Under shock loading, the evolution of spall damage in single crystals exhibits significant orientation effects due to variations in crystal orientation and plastic deformation modes. However, the influence of loading strength on the orientation dependence of spall damage has been largely overlooked. Shock-induced spallation behaviors of single-crystal aluminum (Al) were simulated in eight crystal orientations using molecular dynamics (MD) simulations across a range of loading velocities from 0.5 to 2.1 km/s. Mechanical responses during the process of impact loading were analyzed, including shock wave propagation and microstructural evolution. It was found that spall strength, and plasticity mechanisms exhibit a combined influence of crystal orientation and loading velocity. In the [001] crystal orientation, the single-crystal Al showed the highest spall strength values (8.588-10.137 GPa) across the entire range of loading velocities, with no obvious elastic-plastic double-wave separation observed, while salient features of elastic-plastic waves separation at loading velocities above a critical value are found in the remaining orientation.
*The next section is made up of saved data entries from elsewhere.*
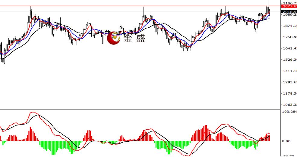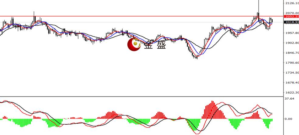周线图,黄金先跌后涨走V字型,价格重新站上两千美元大关,当周波动逾七十美金,周线收有影线的阳K。均线系统收敛拐头向上,价格回踩十周期均线。MACD指标快慢线零轴附近现金叉,做多的动能为主。黄金周线压力位阴包阳,确认反转信号,但周线上行结构未改变。本周回踩均线支撑有反弹,属于正常技术性反抽确认上方压力,后市重点留意2070美元一带的压力,操作上高抛低吸。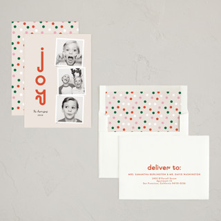 Minted’s “Joy” Christmas cards make it easy for you to express the happiness that is in your heart. Browse through designs that shine the spotlight on the love shared by romantic couples, the innocence and happiness of children, and the playfulness of pets. Simple phrasings of “joy”, “joyful” and “joy to the world” pair perfectly with the design imagery and colors in this collection of cards.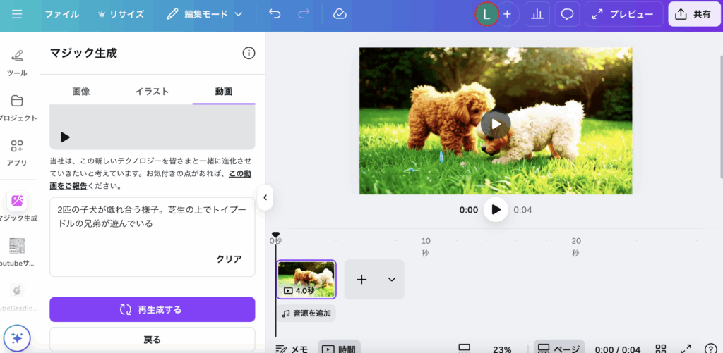 Magic Designのパネルが開いたら、作りたい動画の雰囲気や内容を短く説明する文章を入力します。たとえば「2匹の子犬が戯れ合う様子。芝生の上でトイプードルの兄弟が遊んでいる」といった表現が有効です。入力後、「動画の生成」ボタンをクリックすると、AIがアップロードした素材を組み合わせて、複数の動画パターンを自動生成します。
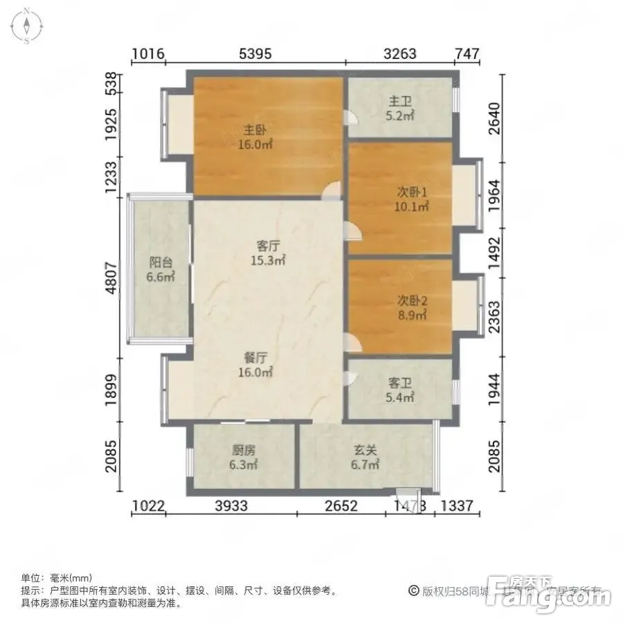 户型齐全,主打采光充足,客厅朝南,主卧朝南,主卧带卫三居

Notably, the elastic-plastic waves separation phenomenon in the [111] crystal orientation showed significant hysteresis, accompanied by the largest decrease in spall strength (1.733 GPa) and a marked overshoot at the leading edge of the stress wave (Vp = 1.4 km/s). Plastic deformation in the [001] crystal orientation was dominated by stacking faults and lattice transformation. As the loading velocity increased, the spall mechanism transitioned from heterogeneous void nucleation induced by stacking fault intersections to homogeneous void nucleation driven by disordered structures. Disordered structures are more likely to form in crystal orientations such as [012] and [111]. At higher loading velocities (Vp >= 1.4 km/s), the spallation process exhibits a homogeneous void nucleation mechanism due to significant amorphization. This study provides new insights into the modeling of dynamic damage in metals.